It’s interesting to consider the definition of illustration and how we understand it. When I think the innumerable movie versions of books, it makes me realize how often we interpret ideas across different mediums. From the various covers of the Iliad that range from images from greek pottery to comic strips, it becomes clear that in the realm of written and visual arts, we are very familiar with the interchange of visual and verbal representations. There is a constant dialogue between the two whether we are conscious of it or not and the complex iterations of this dialogue are evident through ekphrasis. As a verbal representation of a visual object, Ekphrasis provides the reading of the work with another dimension, pulling in issues of identity and culture that make the experience both provocative and personal.
I thought the exercise we did in class with the Shield of Achilles was a very clear illustration of both the limitations and complexities of ekphrasis. Although it’s a passage filled with incredible description and vivid imagery, it became clear with the variety of interpretations and illustrations that it didn’t necessarily conform the images we saw in our minds. Quite the opposite, it seemed as if the complexity of detail actually resulted in even more interpretations of the shield. Whats even more interesting is how the ekphrasic passage allowed us all to make into reality an object that never existed in reality. And this perhaps speaks to the limitations of art forms that don’t hinder the written word. When we see a picture there is little left to imagination but, as in the case of the shield, any one description can result in any number of imaged interpretations.
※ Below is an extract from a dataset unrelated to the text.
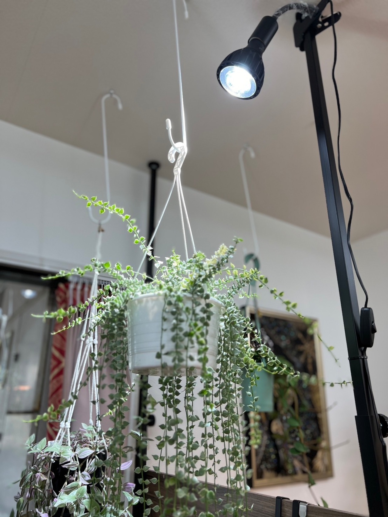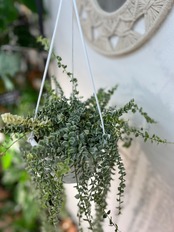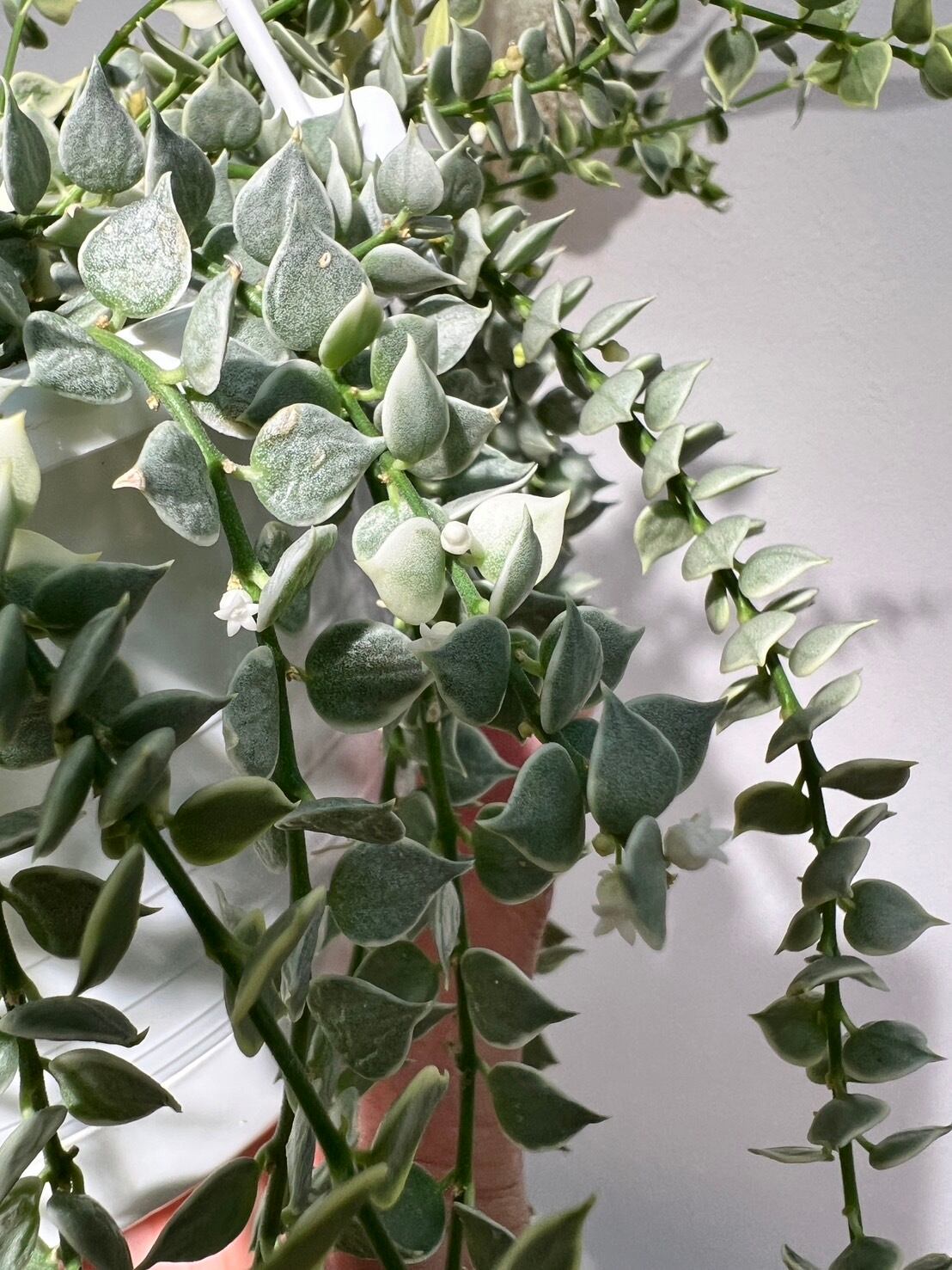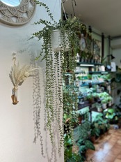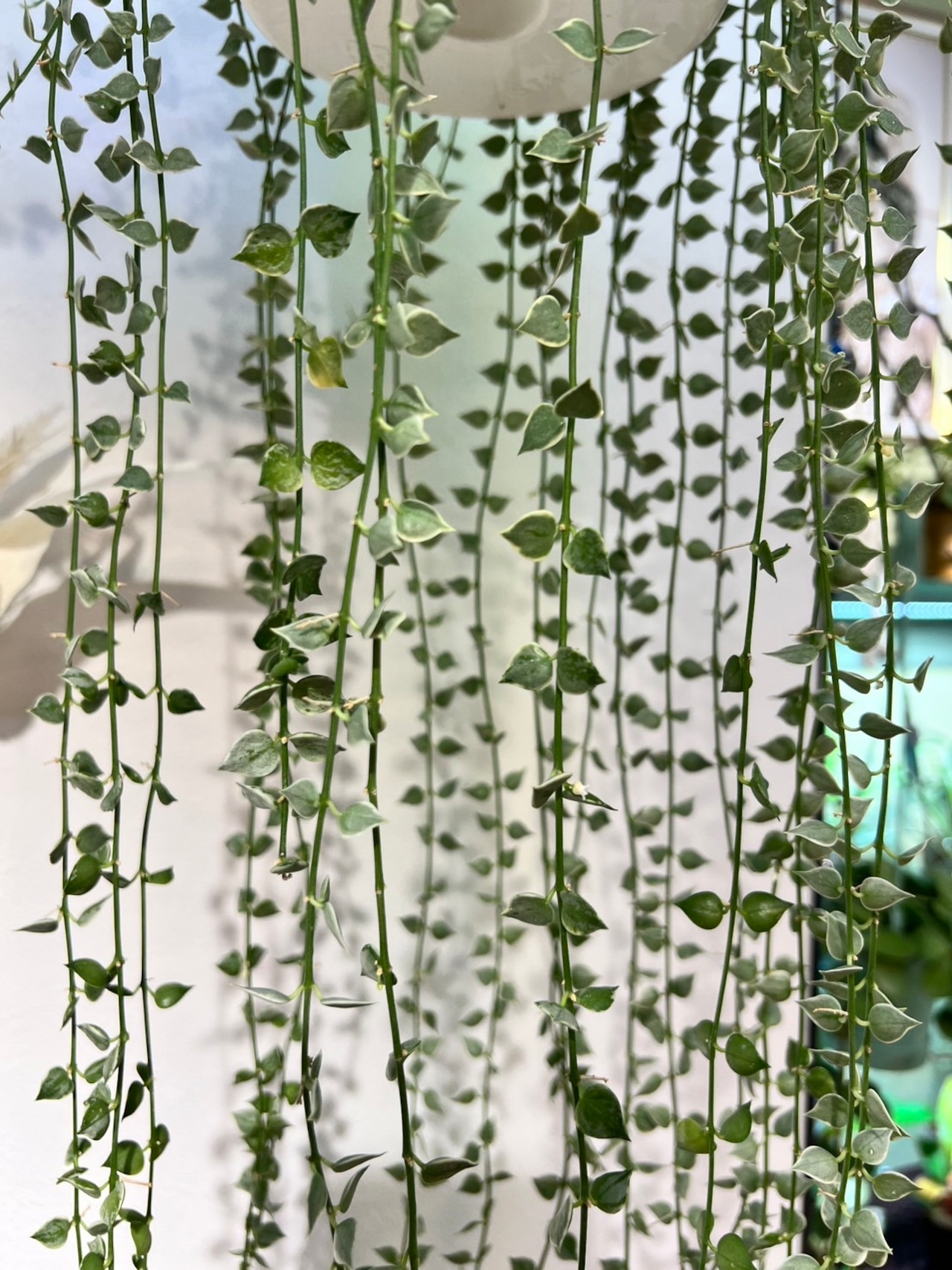 ディスキディア・ミリオンハートは、葉の形がハート形で多肉質な植物です。葉の大きさが非常に小さく、ツル性に成長する習慣などにありインテリア性の高い植物です。6月~8月に白い小さい鈴のような花を咲かせてくれます。耐陰性が強く乾燥にも強く室内で育てやすい品種で初心者の方にもおすすめです。

One Reply to “The Dimensionality of Ekphrasis”
I really appreciate your comment about how, when given an image, our imagination is somewhat hindered. The reality of an image is placed right before us. However, when given a description of an image, we have the freedom to interpret the description in whatever way we please. As you mentioned, the Shield drawing exercise we did in class was an insightful one because it showed how many different people can “see” different shields from one description. With ekphrasis, the possibilities appear to be endless.